**Input data:**
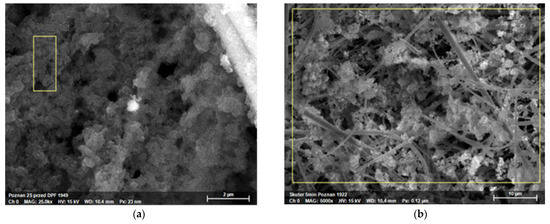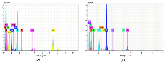 More in-depth information was obtained using SEM-EDS that makes it possible to study the elementary analysis of the PM. Figure 11 shows morphology of the PM for diesel end petrol engines. It can be seen that particles deposited on the Diesel engine fibers are smaller, and their amount is lower (Figure 11a,b) than in case of petrol engine (Figure 11c,d). PM from the petrol engine showed more agglomerations. SEM observations in AsB mode showed different weight of the collected contaminations (heavier particles shines). EDS analysis described below reveals that shining objects are iron particles.
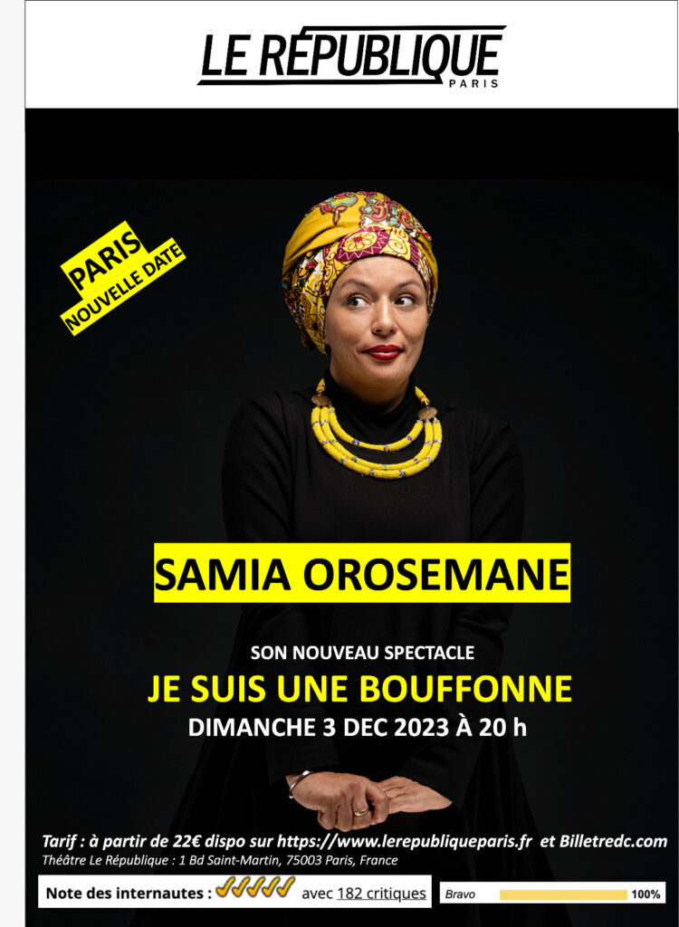 L’HUMORISTE SAMIA OROSEMANE VOUS INVITE À SON NOUVEAU SPECTACLE
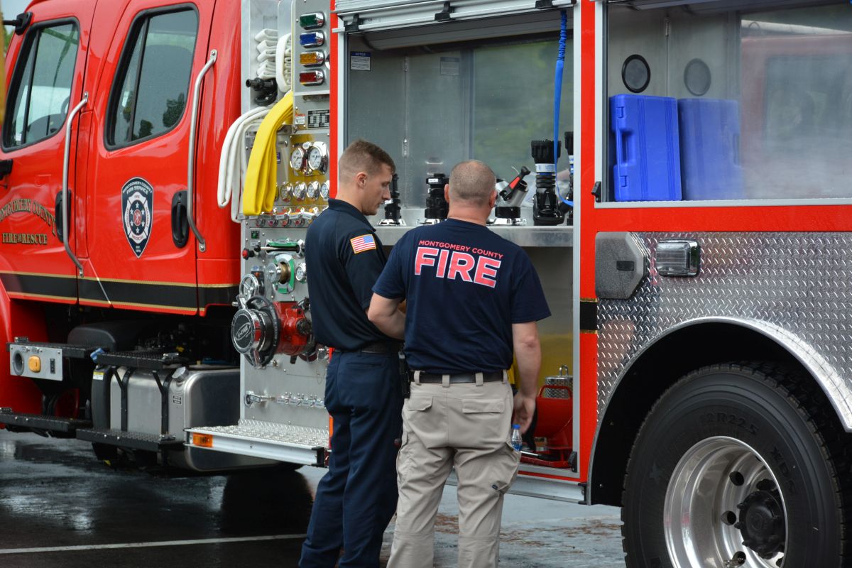 Montgomery County volunteer personnel and fire truck at the grand opening of the Sheriff Billy R. Smith Montgomery County Public Safety Training Complex on, July 26, 2022. (Lee Erwin)
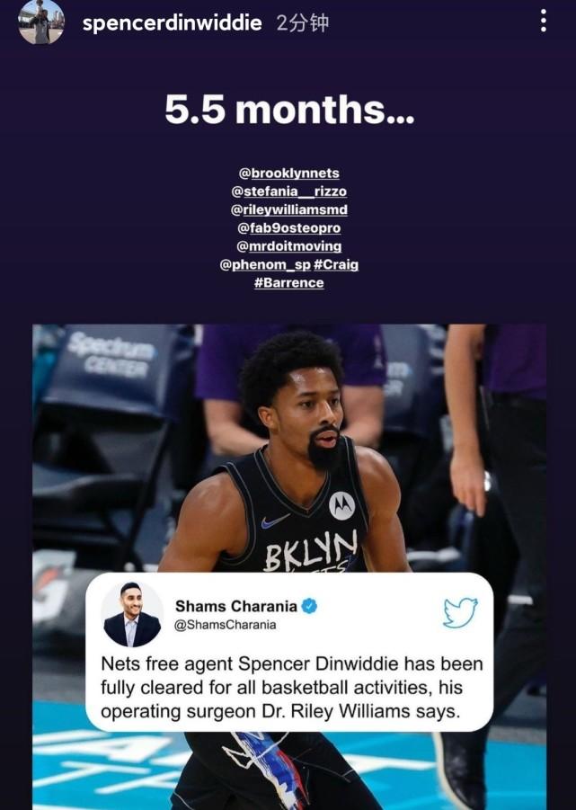查拉尼亚表示,丁威迪只有了5个月的时间就从十字韧带部分撕裂的伤势中康复,他将成为今年夏天自由球员市场上的顶级控卫。丁威迪本人第一时间转发了查拉尼亚的报道,并补充写道:“5.5个月。”
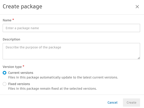 • Fixed versions: Select this option if you want all the files in the package to remain fixed at their selected versions.
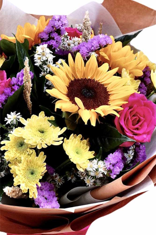 Chasing The Sun is made with Sunflowers, pink roses, green carnations, yellow chrysanthemums, purple statice, and white asters.
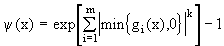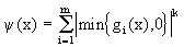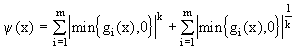 Непрерывную функцию y (х) называют штрафом, если y (х)=0 для х О Х и y (х)>0 в противном случае. Функция y (х) должна быть выбрана таким образом, чтобы решение задачи (6.2) сходилось при b ® 0 к решению исходной задачи (6.1) или, по крайней мере, стремилось к нему. Приведем часто используемые выражения для штрафа :
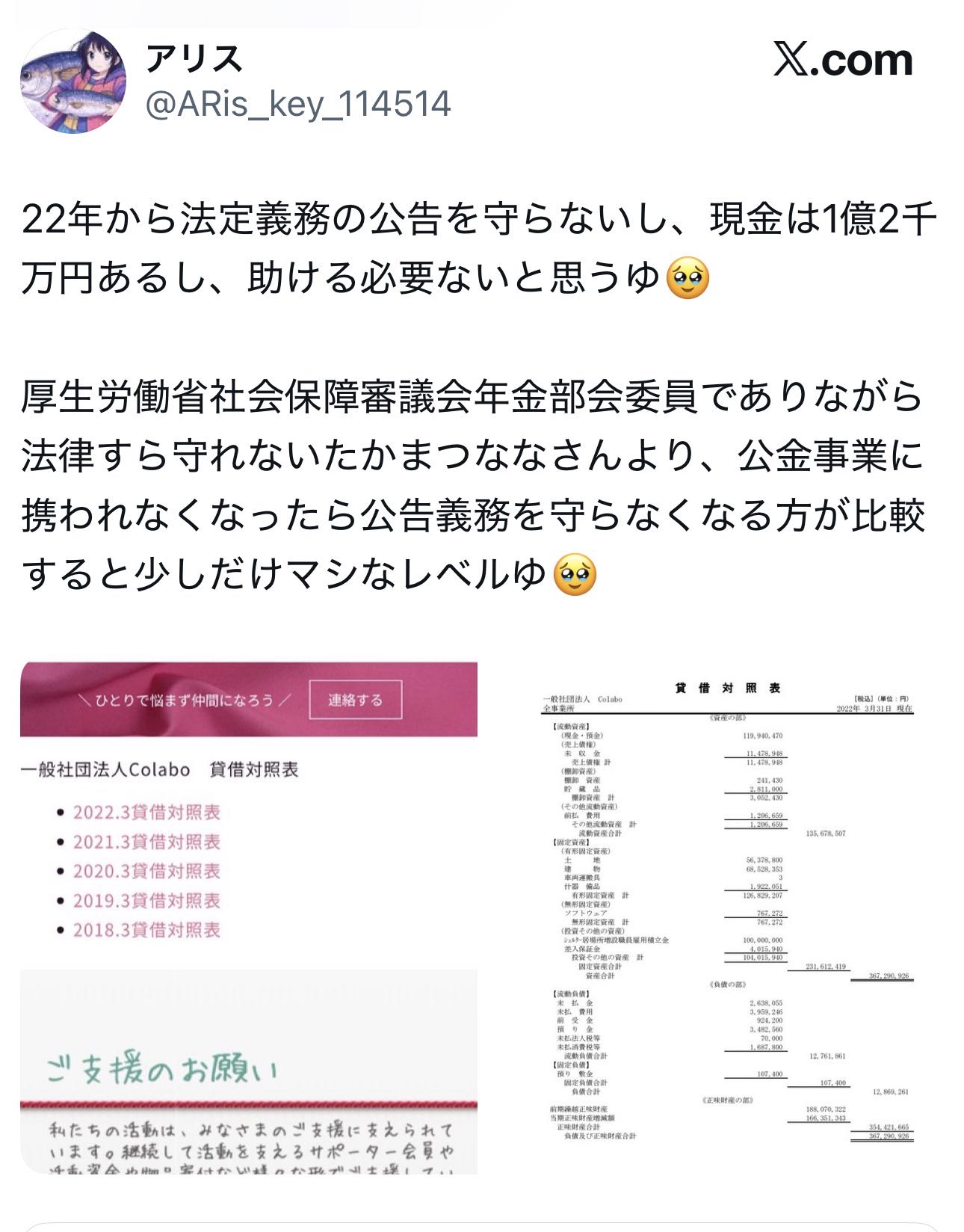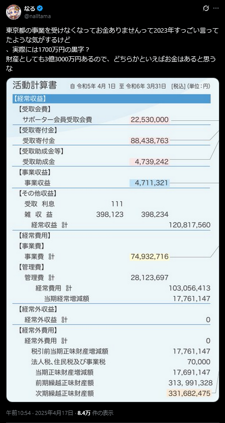 | … | 620無念Nameとしあき25/11/04(火)23:19:30No.1363855147そうだねx1NPOは利用者から貰うお金だけではやっていけないから寄付金を貰ってる |

**Goal of the exercise:**
Repeat exactly the lines above, from the line that contains "Montgomery County volunteer" down through the line that contains "查拉尼亚表示,丁威迪只有了5". Include both of those lines and none of the pictures.

**Task output:**
 Montgomery County volunteer personnel and fire truck at the grand opening of the Sheriff Billy R. Smith Montgomery County Public Safety Training Complex on, July 26, 2022. (Lee Erwin)
查拉尼亚表示,丁威迪只有了5个月的时间就从十字韧带部分撕裂的伤势中康复,他将成为今年夏天自由球员市场上的顶级控卫。丁威迪本人第一时间转发了查拉尼亚的报道,并补充写道:“5.5个月。”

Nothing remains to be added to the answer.